ACTIVITY: An exact copy of the lines of the listing below between the "图表:2019-2021年LED照明产品的贸易顺差金额(单位:亿美元)" line and the "Computergebruikers die problemen" line, both included, is the whole answer; please omit the pictures.

EXERCISE INPUTS:

Start of Block

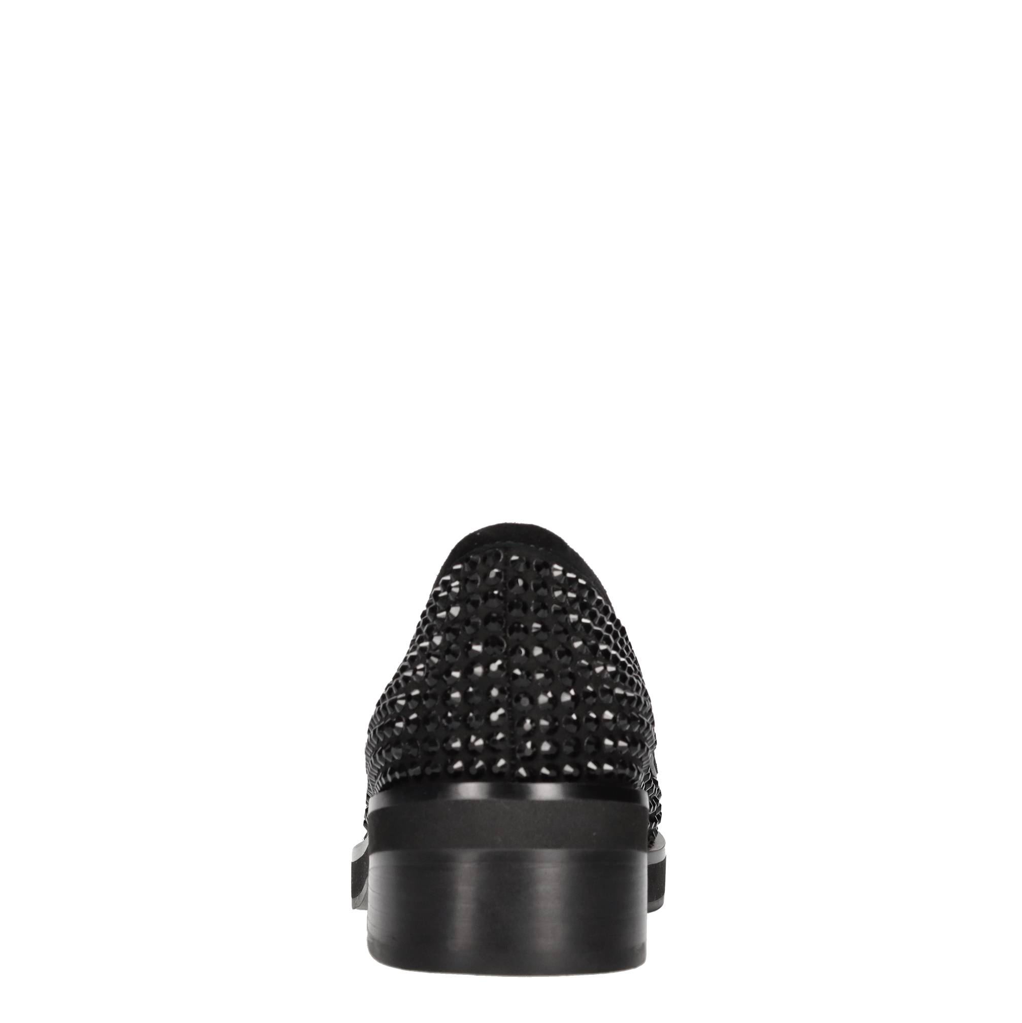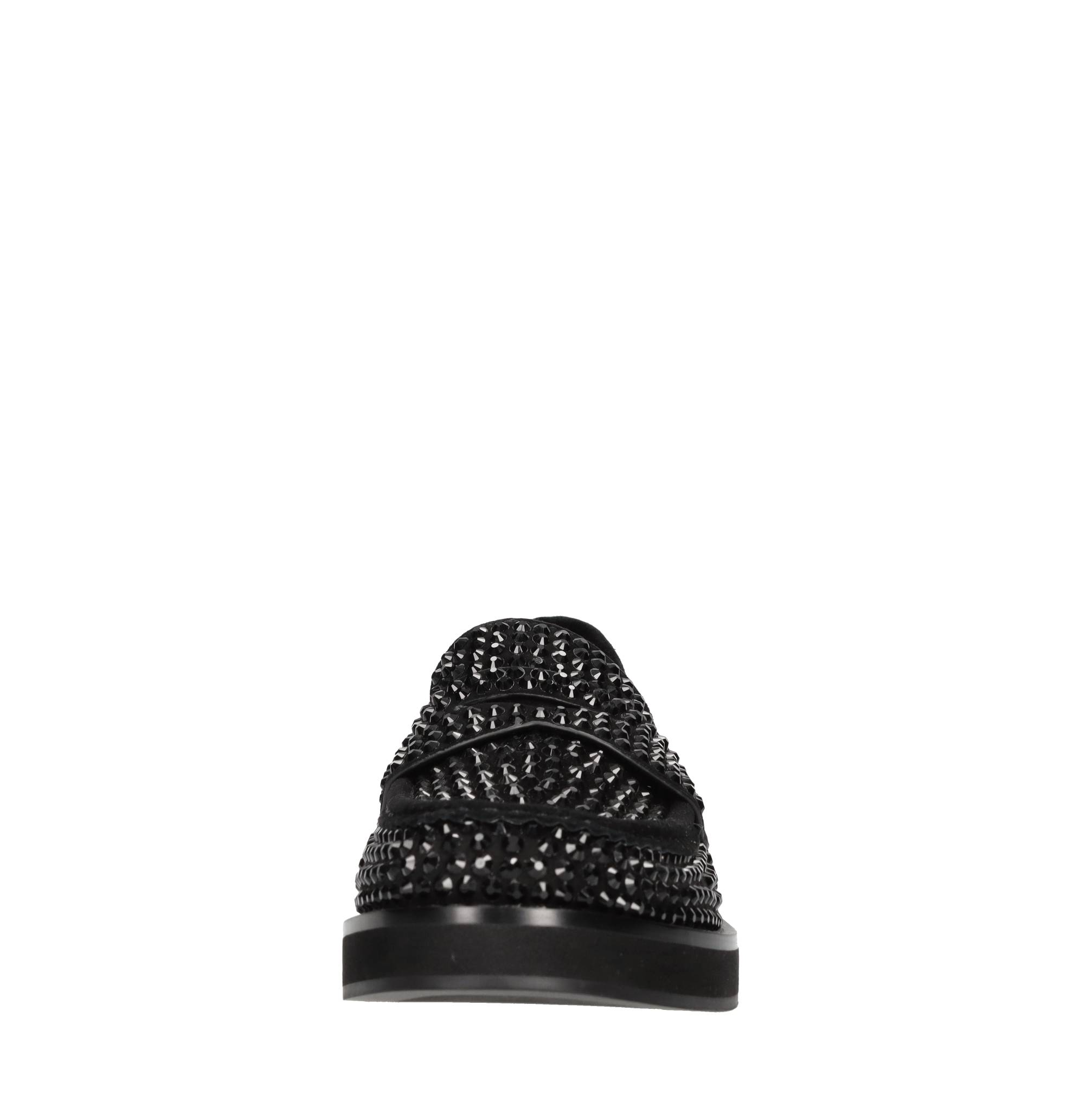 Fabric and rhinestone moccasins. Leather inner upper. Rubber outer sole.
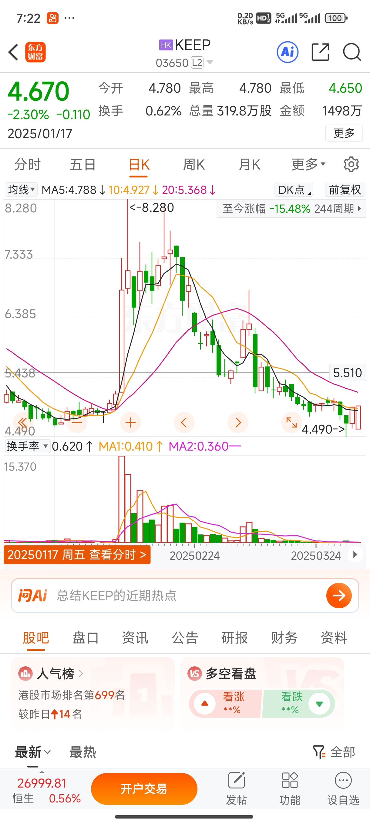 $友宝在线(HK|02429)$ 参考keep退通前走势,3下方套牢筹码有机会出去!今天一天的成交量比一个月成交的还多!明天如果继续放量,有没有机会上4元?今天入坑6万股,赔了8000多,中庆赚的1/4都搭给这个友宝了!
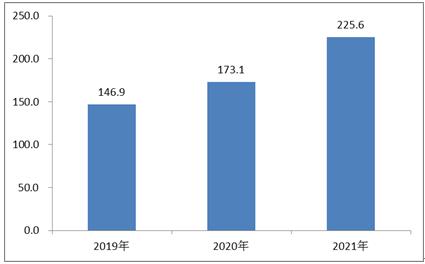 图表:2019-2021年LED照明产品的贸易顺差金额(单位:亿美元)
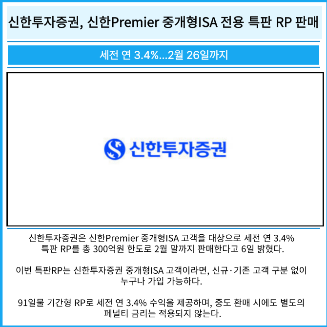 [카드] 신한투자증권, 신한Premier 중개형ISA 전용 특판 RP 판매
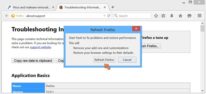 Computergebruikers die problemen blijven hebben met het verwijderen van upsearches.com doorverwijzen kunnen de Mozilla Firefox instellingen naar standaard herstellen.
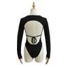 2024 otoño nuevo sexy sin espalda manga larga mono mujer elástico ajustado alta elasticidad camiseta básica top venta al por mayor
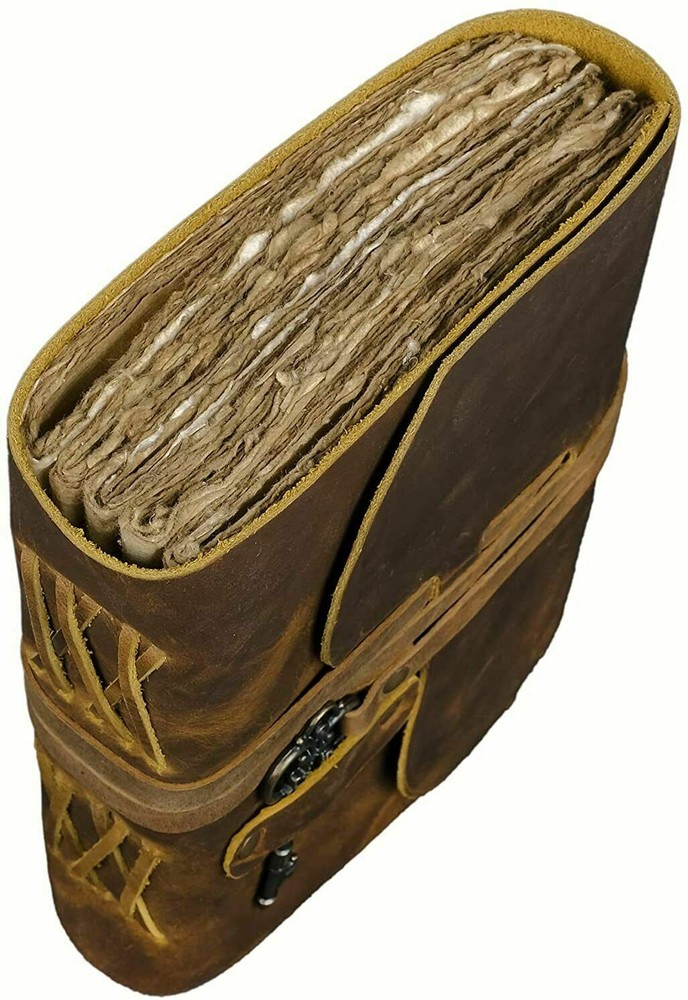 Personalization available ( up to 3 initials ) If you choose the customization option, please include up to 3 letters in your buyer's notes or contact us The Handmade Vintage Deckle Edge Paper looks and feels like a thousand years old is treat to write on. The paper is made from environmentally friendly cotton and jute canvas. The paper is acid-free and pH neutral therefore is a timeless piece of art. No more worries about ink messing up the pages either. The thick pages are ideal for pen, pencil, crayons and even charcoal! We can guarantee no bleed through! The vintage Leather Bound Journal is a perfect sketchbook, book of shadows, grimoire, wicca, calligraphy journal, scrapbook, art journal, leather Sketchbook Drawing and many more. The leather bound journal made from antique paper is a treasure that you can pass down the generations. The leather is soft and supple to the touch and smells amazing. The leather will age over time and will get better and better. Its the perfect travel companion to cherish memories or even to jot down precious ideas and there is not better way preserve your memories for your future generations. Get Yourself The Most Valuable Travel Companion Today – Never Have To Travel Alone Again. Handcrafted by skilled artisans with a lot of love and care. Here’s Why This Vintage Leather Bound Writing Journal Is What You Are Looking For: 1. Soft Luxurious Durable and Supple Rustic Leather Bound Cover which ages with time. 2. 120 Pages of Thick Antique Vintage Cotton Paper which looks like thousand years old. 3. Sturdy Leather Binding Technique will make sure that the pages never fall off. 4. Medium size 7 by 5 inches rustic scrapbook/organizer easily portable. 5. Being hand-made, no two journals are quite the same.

End of Block
Start of Block

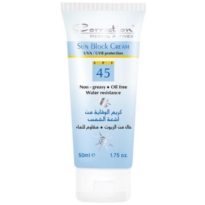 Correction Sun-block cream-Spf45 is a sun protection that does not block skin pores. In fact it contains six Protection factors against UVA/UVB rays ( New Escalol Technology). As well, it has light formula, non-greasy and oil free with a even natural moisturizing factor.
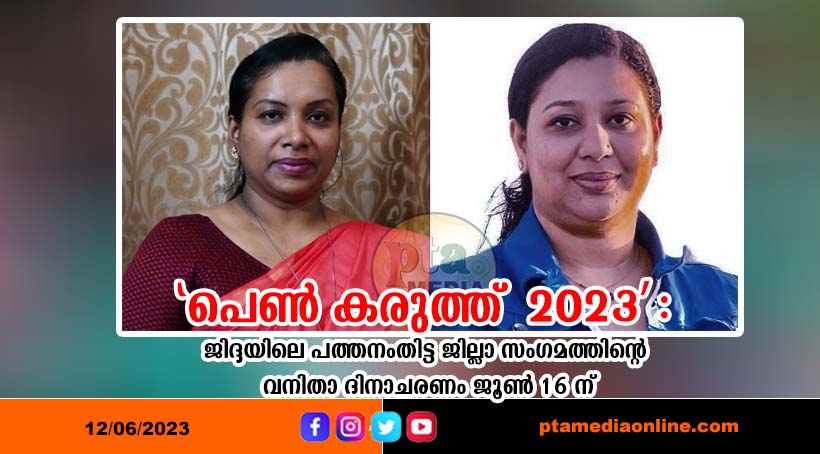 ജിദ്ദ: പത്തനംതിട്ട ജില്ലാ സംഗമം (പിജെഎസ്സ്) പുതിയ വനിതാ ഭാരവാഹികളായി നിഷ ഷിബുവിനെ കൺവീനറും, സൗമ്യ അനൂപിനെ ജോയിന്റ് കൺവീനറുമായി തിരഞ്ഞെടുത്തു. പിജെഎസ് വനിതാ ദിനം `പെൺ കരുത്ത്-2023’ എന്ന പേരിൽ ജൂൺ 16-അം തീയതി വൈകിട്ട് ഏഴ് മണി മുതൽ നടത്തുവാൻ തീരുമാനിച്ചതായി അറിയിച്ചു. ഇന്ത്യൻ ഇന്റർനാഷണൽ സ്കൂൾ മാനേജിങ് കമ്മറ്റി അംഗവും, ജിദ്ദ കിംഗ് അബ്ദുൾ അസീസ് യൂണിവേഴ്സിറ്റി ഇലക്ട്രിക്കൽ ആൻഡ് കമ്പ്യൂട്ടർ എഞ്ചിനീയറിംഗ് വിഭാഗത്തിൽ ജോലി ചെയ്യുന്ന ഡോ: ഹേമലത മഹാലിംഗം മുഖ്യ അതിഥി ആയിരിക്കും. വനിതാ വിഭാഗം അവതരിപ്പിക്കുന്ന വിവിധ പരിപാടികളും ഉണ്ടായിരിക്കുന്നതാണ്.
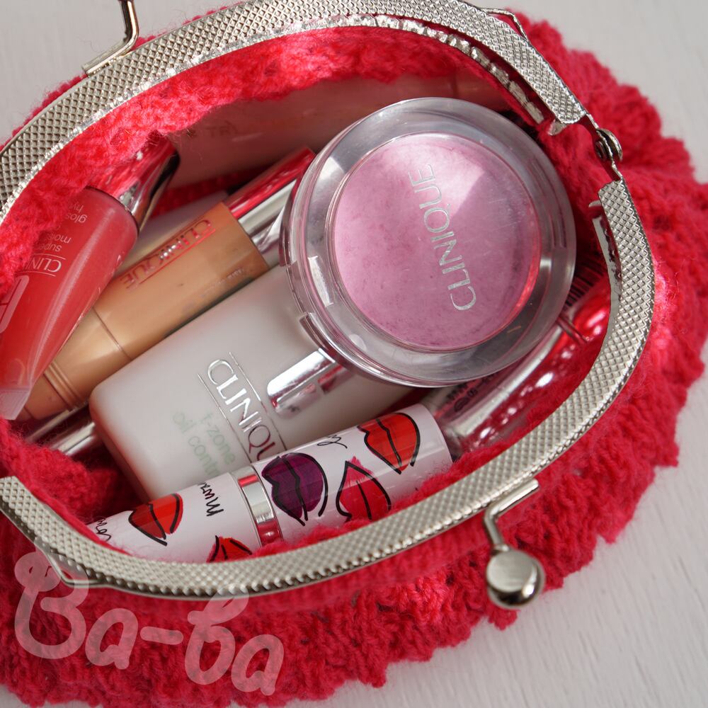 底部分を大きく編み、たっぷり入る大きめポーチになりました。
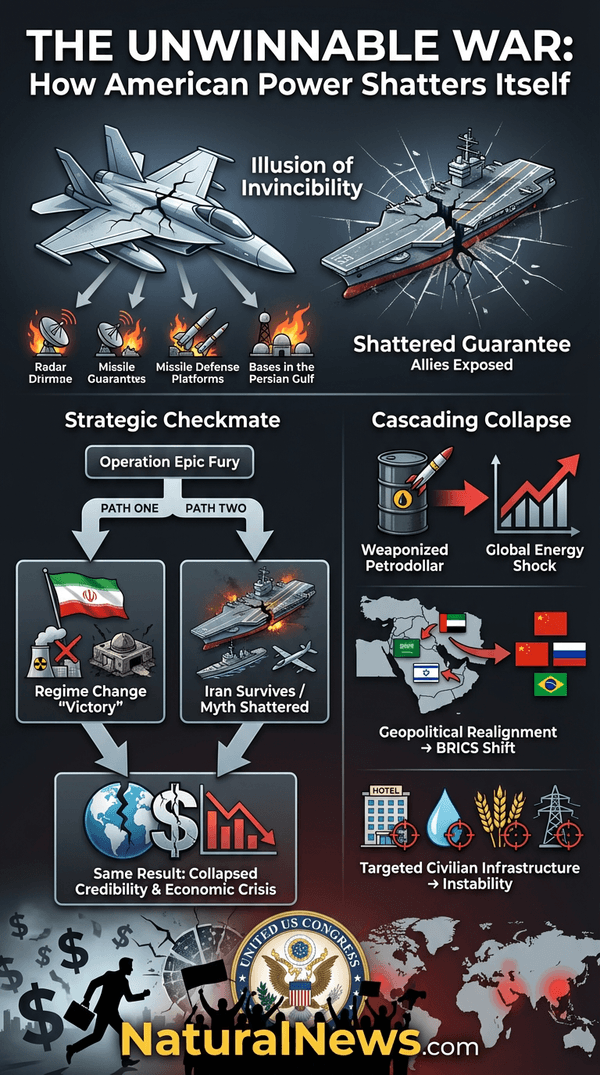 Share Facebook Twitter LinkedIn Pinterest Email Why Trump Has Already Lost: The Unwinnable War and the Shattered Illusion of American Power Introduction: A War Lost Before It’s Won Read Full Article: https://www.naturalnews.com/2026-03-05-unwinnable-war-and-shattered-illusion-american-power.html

End of Block

SOLUTION TO THIS PROBLEM:
 图表:2019-2021年LED照明产品的贸易顺差金额(单位:亿美元)
 [카드] 신한투자증권, 신한Premier 중개형ISA 전용 특판 RP 판매
 Computergebruikers die problemen blijven hebben met het verwijderen van upsearches.com doorverwijzen kunnen de Mozilla Firefox instellingen naar standaard herstellen.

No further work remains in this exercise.